Navigate to your resource in azure open ai studio -> deployments. Then under Endpoint the endpoint is the 'Target URI' and the key is under 'Key'.

Supported operations

The Azure AI Inference connector supports the following operations:

  1. GetModelInfo - Returns the information about the model deployed under the endpoint

Required parameters:

* `api-version` - The version of the Inference API
  1. GetChatCompletions - Creates a model response for the given chat conversation

Required parameters:

* `api-version` - The version of the Inference API
* `messages` - The chat conversation to be completed
* `model` - The Deployment name of the model, Required only for openai models

Default values of optional parameters:

* `frequency_penalty` - 0
* `presence_penalty` - 0
* `temperature` - 0.7
* `top_p` - 1

Creating a connection

The connector supports the following authentication types:

Default Parameters for creating connection. All regions Not shareable

Default

Applicable: All regions

Parameters for creating connection.

This is not shareable connection. If the power app is shared with another user, another user will be prompted to create new connection explicitly.

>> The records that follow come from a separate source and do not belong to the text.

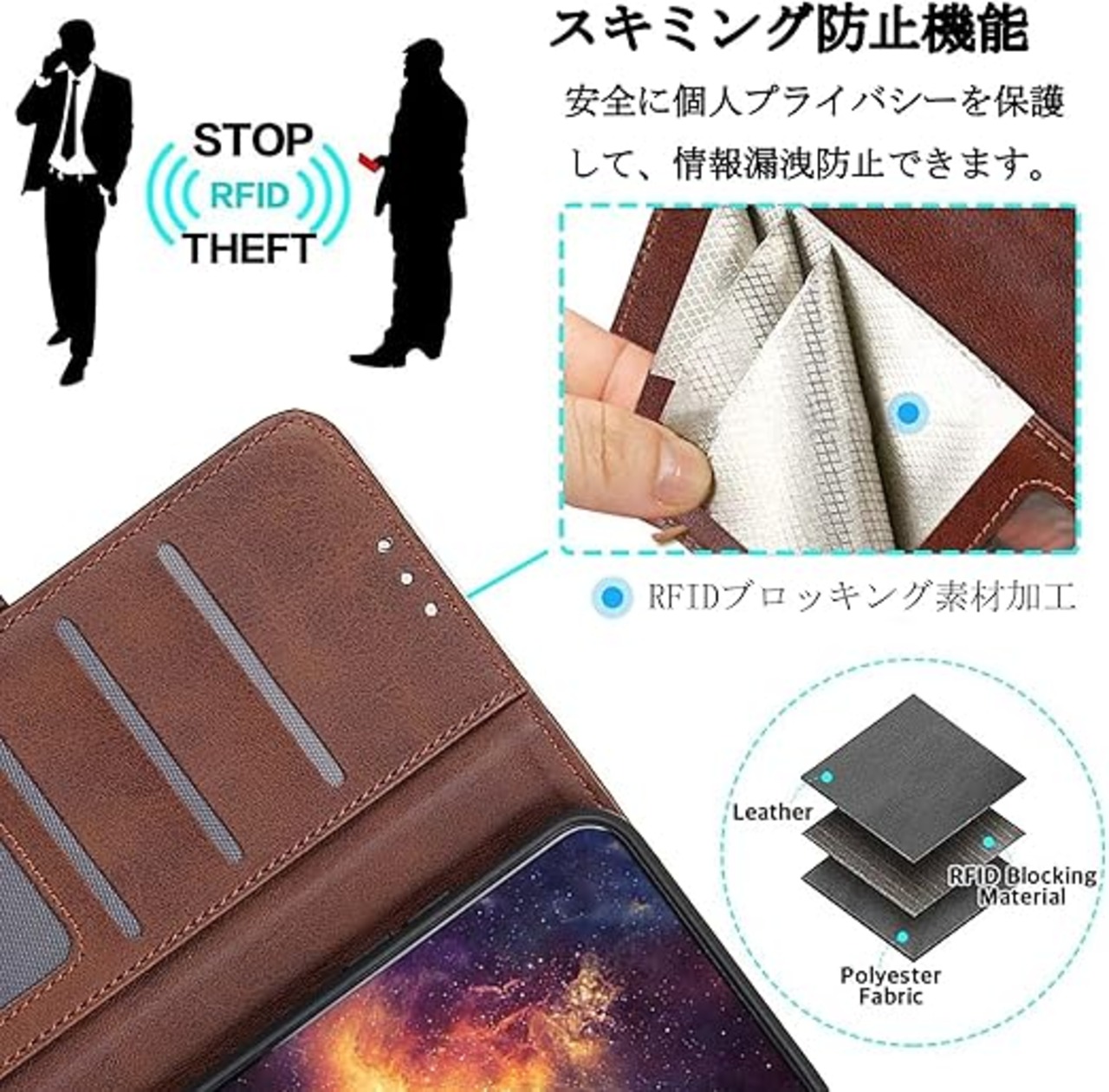 【優れた機能】:3枚カードポケットと紙幣も入る隠しポケット付き、スキミング被
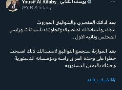 في تغريدة له ... النائب يوسف الكلابي يوجه انتقادا كبيرا للنائب الثاني لمجلس النواب شاخوان عبد الله بعد تاجيل جلسة التصويت على الموازنة
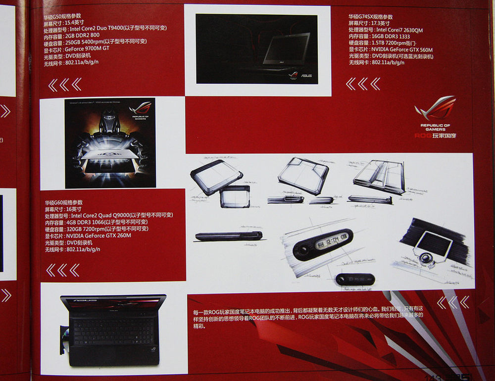 华硕旗下的ROG系列早已声名远赫,只要一提起ROG玩家国度,那么大家必然会想到的就是顶尖、专业和不断的突破自我。ROG笔记本近几年的进化史也同样印证了这一点,每一款新产品的推出都是对上一代产品的超越,从最早的G1、G2系列到如今的G53、G74新品,中间的蜕变不可谓不大。前几天华硕召开了新一代G53和G74玩家国度笔记本发布会,在国内正式推出了这两款ROG系列最新力作,笔者有幸在现场见到了ROG全系列笔记本。2/30
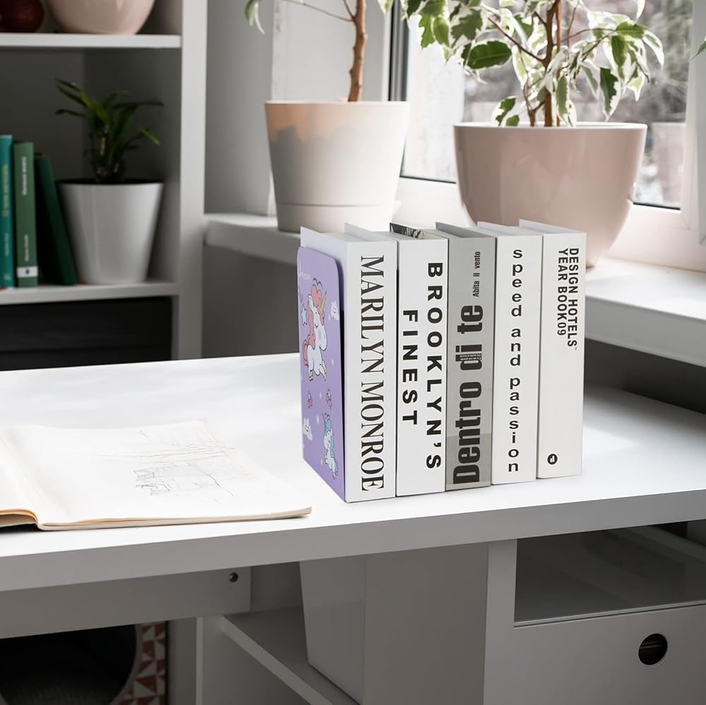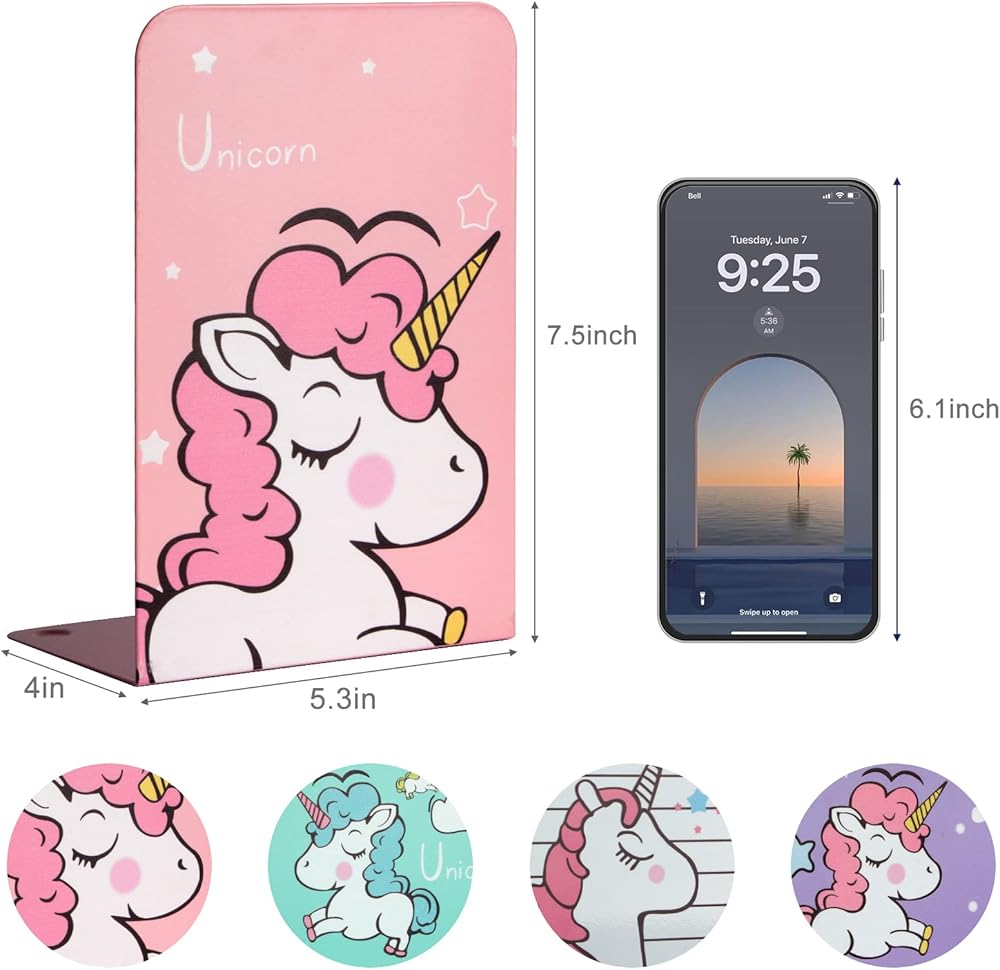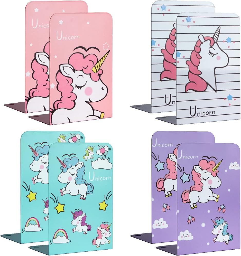 8 قطع من دفاتر zyners، دفاتر معدنية للأرفف، شديدة التحمل غير قابلة للانزلاق، نهايات كتب لطيفة على شكل وحيد القرن للأطفال والفتيات والأطفال (5.3 × 4 × 7.5 بوصة)
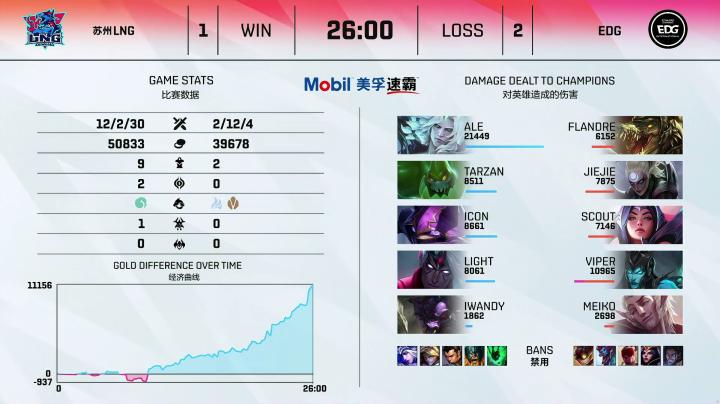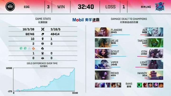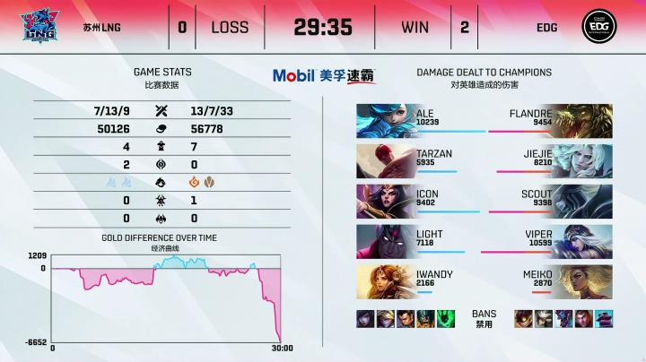 第32分钟,EDG抱团推上高地,妖姬爆炸伤害逼出韦鲁斯闪现,LNG无法阻止EDG的推进节奏,最终被一波结束比赛,恭喜EDG!
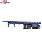 Our 3 Axle Low Flatbed Container Semi Trailer is engineered for strength and durability, capable of withstanding the demands of heavy container loads and challenging road conditions.
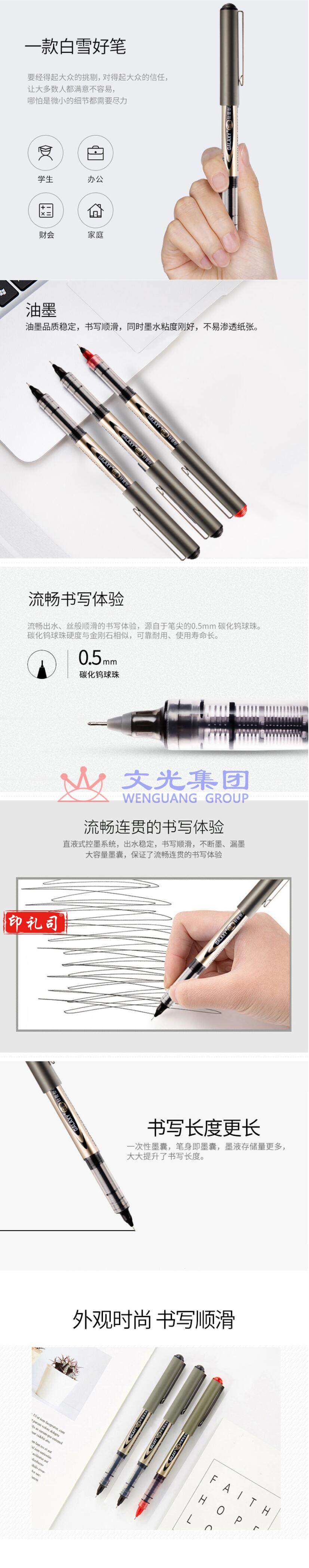 白雪 PVN-166 全针管直液笔 0.5mm中性笔直液式走珠笔签字笔黑色 12支/盒
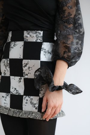 This is an incredibly special one of a kind patchwork piece. This piece took me way too long to ever make it again, but I hope it finds a very special home. And of course I had to make this patchwork into a mini skirt, it was too bold to do anything else with it ; ) A perfect one of a kind piece for someone special. Fits a 26.5 " waist best with some curves. 28% Rayon 72% polyester Dry Clean only Made in Montreal
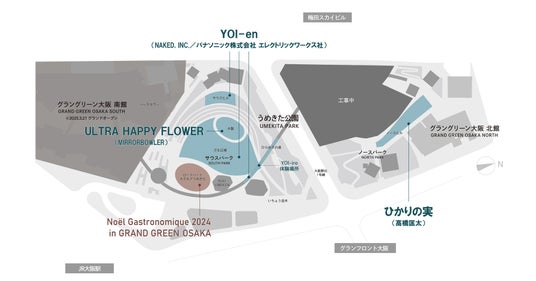 1.YOI-en ~誰もが温かい気持ちになれる冬の広場~うめきた公園をグラングリーン大阪のMIDORIにちなんだライトアップで彩り、心温まる空間をご提供します。ひらめきの道から来訪者のスマートフォンで計12パターンの演出を操作する体験型コンテンツYOI-iroもお楽しみいただけます。

Name Type Description Required
Azure model endpoint URL string Enter the URL of your deployed model endpoint. For example: https://resource.openai.azure.com True
API key securestring Authorization for this API True

Throttling Limits

Name Calls Renewal Period
API calls per connection 100 60 seconds

Actions

Creates a model response for the given chat conversation

Creates a model response for the given chat conversation.

Returns the information about the model deployed under the endpoint

Returns information about the AI model. The method makes a REST API call to the /info route on the given endpoint. This method will only work when using Serverless API or Managed Compute endpoint. It will not work for GitHub Models endpoint or Azure OpenAI endpoint.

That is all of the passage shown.